Liam,

I am interested in anything demonstrating that the things I am concerned
about are not a problem.

Further Comments interspersed below.

On Fri, Nov 27, 2015 at 12:51 PM, Liam Wyatt <[email protected]> wrote:

> On 27 November 2015 at 12:08, Andreas Kolbe <[email protected]> wrote:
>
> > The Wikimedia movement has always had an important principle: that all
> > content should be traceable to a "reliable source". Throughout the first
> > decade of this movement and beyond, Wikimedia content has never been
> > considered a reliable source. For example, you can't use a Wikipedia
> > article as a reference in another Wikipedia article.
> >
> > Another important principle has been the disclaimer: pointing out to
> people
> > that the data is anonymously crowdsourced, and that there is no guarantee
> > of reliability or fitness for use.
> >
> > Both of these principles are now being jettisoned.
> >
> > Wikipedia content is considered a reliable source in Wikidata...
> >
>  <snip>
>
> I agree that "reliable source" referencing and "crowdsourced content" are
> indeed principles of our movement.

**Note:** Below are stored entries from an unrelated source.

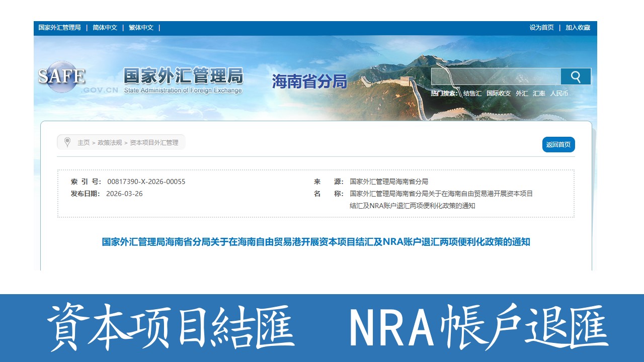 允許非關聯企業借款、優化退匯流程,海南自由貿易港落地資本项目結匯及NRA帳戶退匯兩項便利化政策
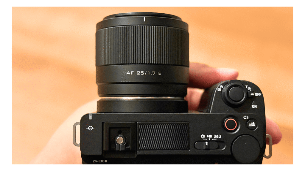 ZV-E10M2にVILTROX AF 25mm F1.7 Eを装着すると、そのバランスの良さに感動します。ZV-E10M2のコンパクトなボディに対して、レンズが大きすぎることはまったくなく、まるで純正レンズのような一体感があります。
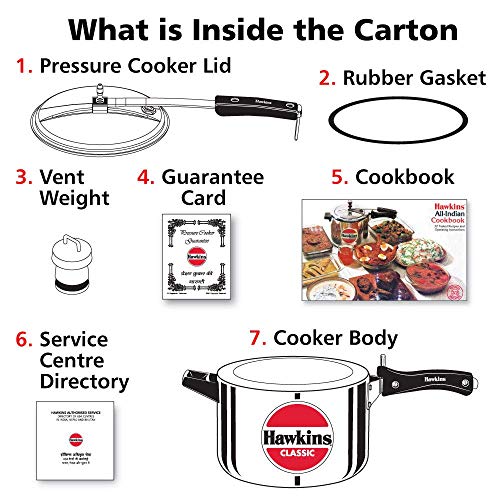 Included Components:1 – Cooker Body, 1 – Cooker Lid, 1 – Vent Weight, 1 – Rubber Gasket, 1 – Guarantee Card, 1 – Cookbook, 1 – Service Centre Directory
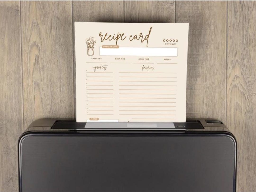 Printable Recipe Note Page | Digital Editable Recipe Card, Recipe ...
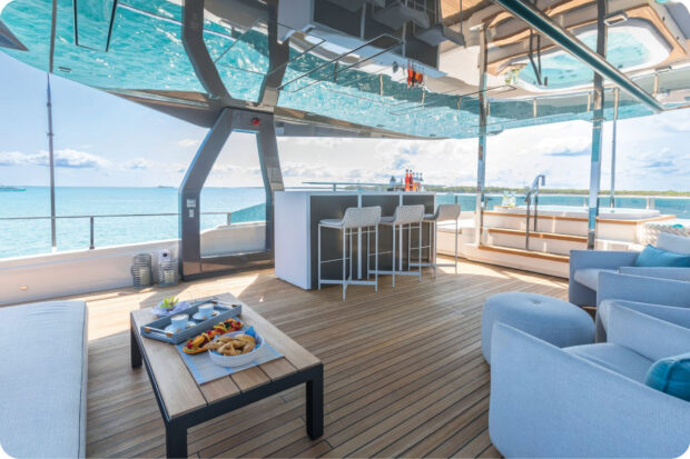 On deck, EROS guests have lots of space to relax. The sundeck features a hot tub and bar. The bridge deck dining area is the perfect place to enjoy a long relaxing dinner. And the large beach club is the perfect spot to sunbathe, swim, or launch one of the many water toys that are available.
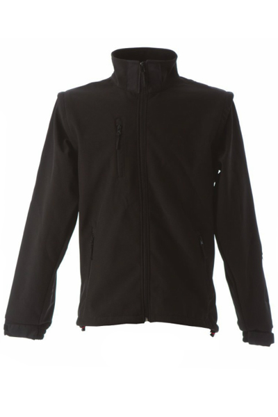 Giubbotto in soft shell impermeabile e traspirante, maniche staccabili, una tasca sul petto con zip, due tasche esterne con zip, una tasca con zip sul braccio, un taschino interno portacellulare, polsini con elastico regolabili con velcro, coulisse al fondo. 92% polyestere – 8% elastan. Waterproof 6000mm/H2O
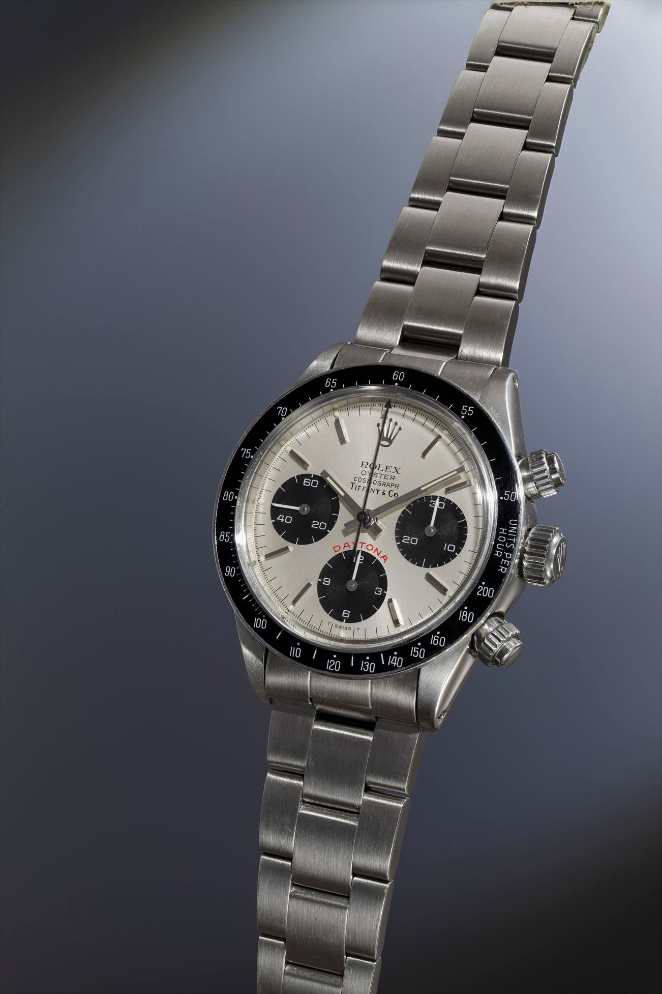 References 6263 and 6265 were both launched in 1969, replacing the first Oyster Cosmograph model, reference 6240. The stainless steel model with screw-down pushers was in production for almost 20 years. Bearing serial number 6’393’159, this lot was manufactured in 1980. Fitting a silvered dial with black sub-dials and its correct black acrylic bezel, the combination creates an eye-catching contrast with the steel case. Found beneath the “Oyster Cosmograph” script at 12 o’clock is the prestigious “Tiffany & Co.” retailer signature printed in black.
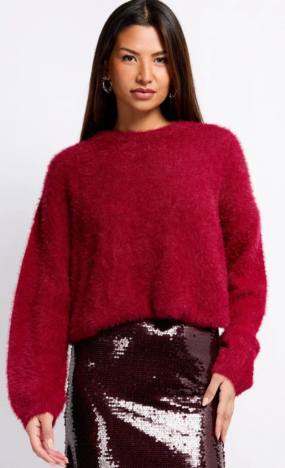 Wrap yourself in cozy luxury with our Burgundy Knit Jumper. This soft, burgundy jumper features a plush, textured knit that’s perfect for keeping warm and stylish. The relaxed fit and ribbed cuffs add a touch of casual elegance, making it a versatile piece for any wardrobe. Pair with high-waisted jeans and ankle boots for a chic, casual look or tuck into a midi skirt and add heels for a feminine, dressy outfit.
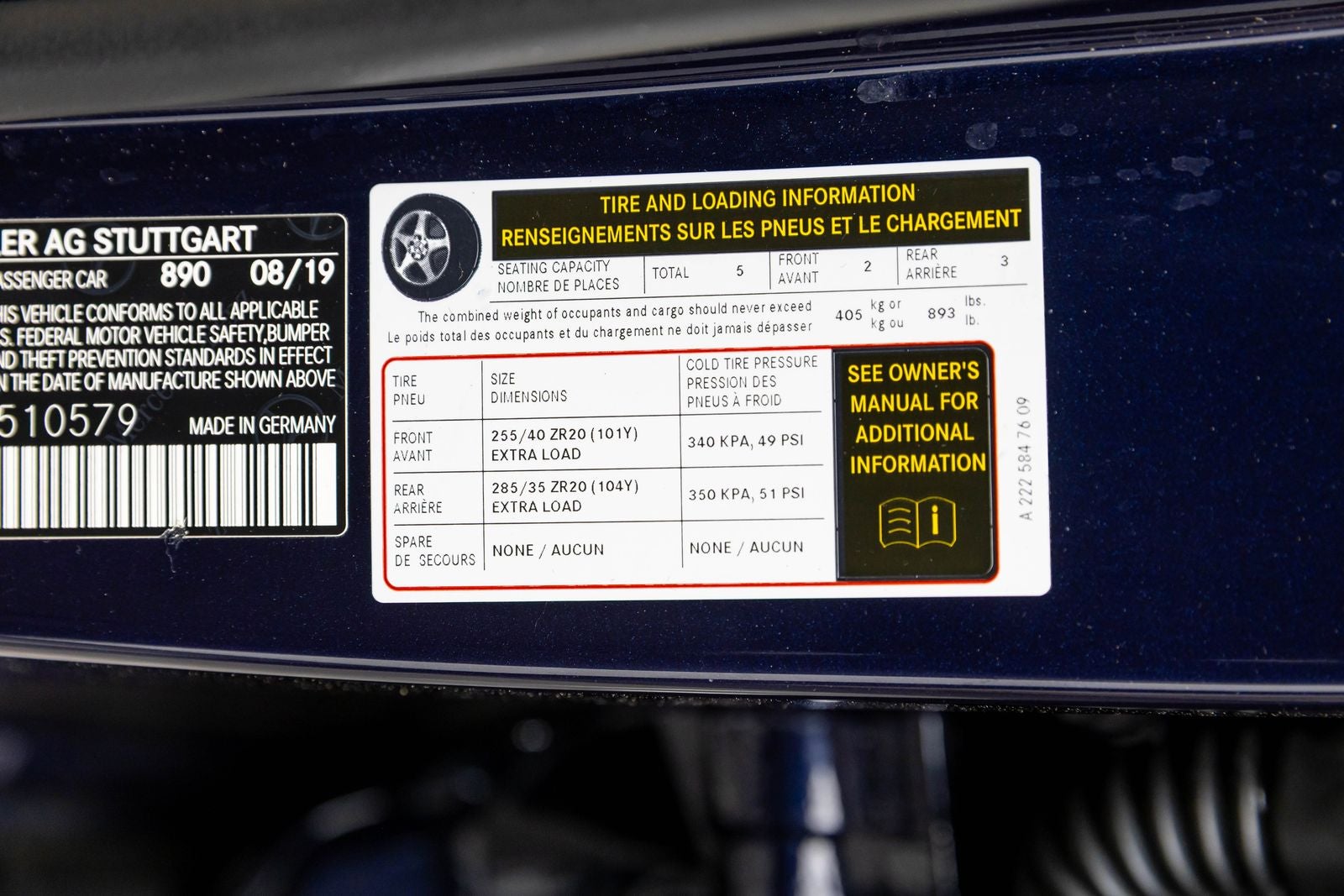 - Neumáticos: 255/40R20 delante y 285/35R20 detrás
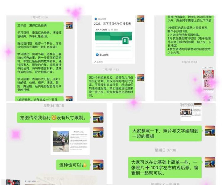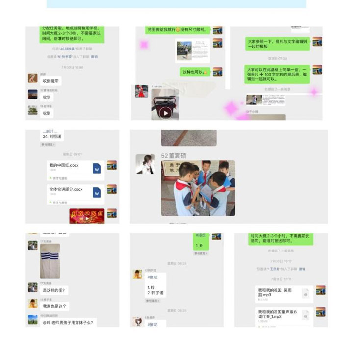 首先孩子们选择自己擅长的项目组成了一个个小团队,接着在家长的引导下上网查阅资料,选取自己感兴趣的内容,然后各个小队开始组内分工练习,线上彩排。
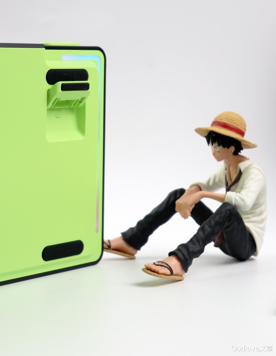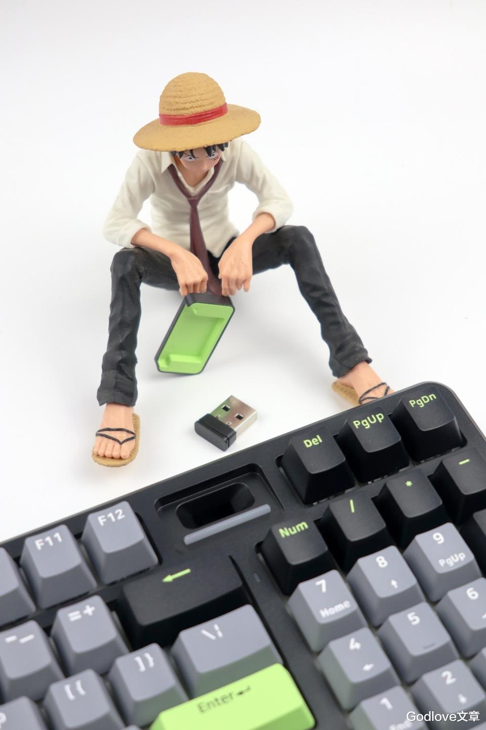 磁吸独立收纳,号称带有多功能装饰灯的时空幻境仓,其中收纳槽能够插入接收器防止丢失,按下Fn+空格键则可通过灯条实时查看键盘电量。

However, I disagree that Wikidata is
> "jettisoning" them. In fact, quite the contrary!
>
> The purpose of the statement "imported from --> English Wikipedia" in the
> "reference" field of a Wikidata item's statement is PRECISELY to indicate
> to the user that this information has not been INDEPENDENTLY verified to a
> reliable source and that Wikipedia is NOT considered a reliable source.
> Furthermore, it provides a PROVENANCE of that information to help stop
> people from circular referencing. That is - clearly stating that the
> specific fact in Wikidata has come from Wikipedia helps to avoid the
> structured-data equivalent of "citogenisis": https://xkcd.com/978/ If/When
> a person can provide a reliable reference for that same fact, they are
> encouraged to add an actual reference. Note, the wikidata statement used
> for facts coming in from Wikipedia use the property "imported from". This
> is deliberately different from the property "reference URL" which is what
> you would use when adding an actual reference to a third-party reliable
> online source.
>


How does the presence of that information in Wikidata help if the Google
user just gets the info in the Knowledge Graph without any indication that
it comes from Wikidata? Because CC0 specifically waives the right to
attribution that Wikipedia retains.[1][2] No re-user of Wikidata content is
required to say where the data came from, and they typically don't.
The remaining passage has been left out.